The training of mmBERT involved an extensive dataset comprising 3 trillion tokens sourced from 1,833 languages. Notably, data sources included FineWeb2, Dolma, MegaWika v2, and others, with English representing only about 10% to 34% of the entire corpus depending on the training phase. The training process was divided into three major stages:
- Pre-training: Utilizing 2.3 trillion tokens across 60 languages and code.
- Mid-training: Consisting of 600 billion tokens across 110 languages, focusing on higher-quality data.
- Decay phase: Covering 100 billion tokens across all 1,833 languages, emphasizing the adaptation of low-resource languages.
What new training strategies were introduced?
mmBERT employs three innovative training strategies that significantly boost its performance:
- Annealed Language Learning (ALL): This approach gradually introduces languages, starting from 60 and increasing to 1,833, allowing low-resource languages to gain influence without overfitting.
- Inverse Masking Schedule: The initial masking ratio of 30% decreases to 5%, fostering coarse-grained learning at the start and shifting to fine-grained refinements as training progresses.
- Model Merging Across Decay Variants: Utilizing TIES merging, multiple models from the decay phase are combined to leverage strengths without the need for retraining from scratch.
How does mmBERT perform on benchmarks?
When tested against various benchmarks, mmBERT has delivered impressive results:
- In the English NLU (GLUE) benchmark, mmBERT base achieved a score of 86.3, outperforming XLM-R’s score of 83.3 and nearly matching ModernBERT’s 87.4.
- For multilingual NLU (XTREME), mmBERT base received a score of 72.8, surpassing XLM-R’s 70.4.
- In embedding tasks (MTEB v2), mmBERT base tied ModernBERT in English and outperformed XLM-R in multilingual tasks.

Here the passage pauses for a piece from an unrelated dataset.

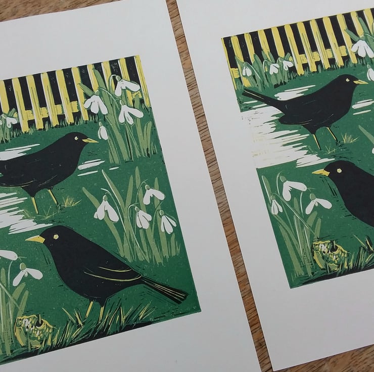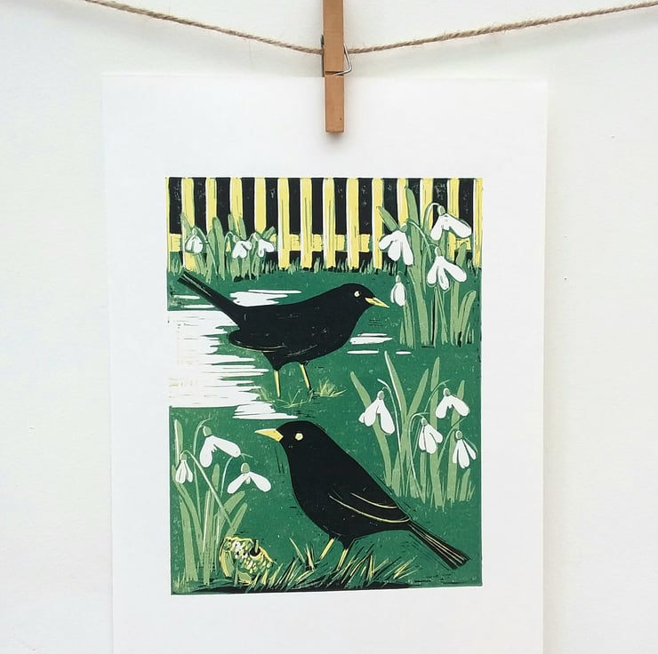 Each month last year I made a print inspired by flowers and plants I saw around me - a great way to take notice of the changing seasons. I am continuing with a print for each month but this year I am finding inspiration in the birds I see. The snowdrops in our garden are spreading every year under and around the apple tree. The remainder of the fallen apples provide food for the blackbirds during the winter months.

- In code retrieval measures (CoIR), mmBERT exceeded XLM-R by approximately 9 points, though it still fell short against EuroBERT on proprietary data.
How does mmBERT handle low-resource languages?
Thanks to its annealed training schedule, mmBERT provides substantial support for low-resource languages. On specific benchmarks like Faroese FoQA and Tigrinya TiQuAD, mmBERT outperformed both o3 and Gemini 2.5 Pro. These outcomes illustrate that, with careful training, encoder models can effectively generalize even in scenarios with limited resources.
What efficiency gains does mmBERT achieve?
Among the notable improvements, mmBERT operates 2 to 4 times faster than XLM-R and MiniLM, while still accommodating inputs of up to 8192 tokens. Remarkably, it maintains this speed even with longer sequences compared to older encoders that only managed shorter inputs. This efficiency stems from the ModernBERT training strategy and the optimization of attention mechanisms and embeddings.
Summary
In conclusion, mmBERT represents a significant advancement in multilingual encoders, ideally suited to meet the needs of modern NLP applications. With its capabilities running 2-4 times faster than previous models and the ability to process longer sequences, mmBERT not only surpasses its predecessors but also provides a strong foundation for upcoming multilingual NLP systems. The innovative training methods employed demonstrate how strategic design can lead to broad generalization and improved performance without unnecessary redundancy.
Frequently Asked Questions
- What makes mmBERT different from other multilingual models? mmBERT utilizes a unique training strategy that emphasizes low-resource languages and efficient processing of long sequences.
- Can mmBERT handle rare languages effectively? Yes, it has been specifically designed to support low-resource languages using its annealed learning approach.
- How does mmBERT compare to XLM-R? mmBERT outperforms XLM-R on multiple benchmarks, achieving higher scores in both English and multilingual tasks.
- What types of tasks is mmBERT best suited for? It excels in embedding, retrieval, and classification tasks, making it versatile for various applications in NLP.
- Where can I access mmBERT for my projects? You can find mmBERT on platforms like Hugging Face and GitHub, where tutorials and technical details are also available.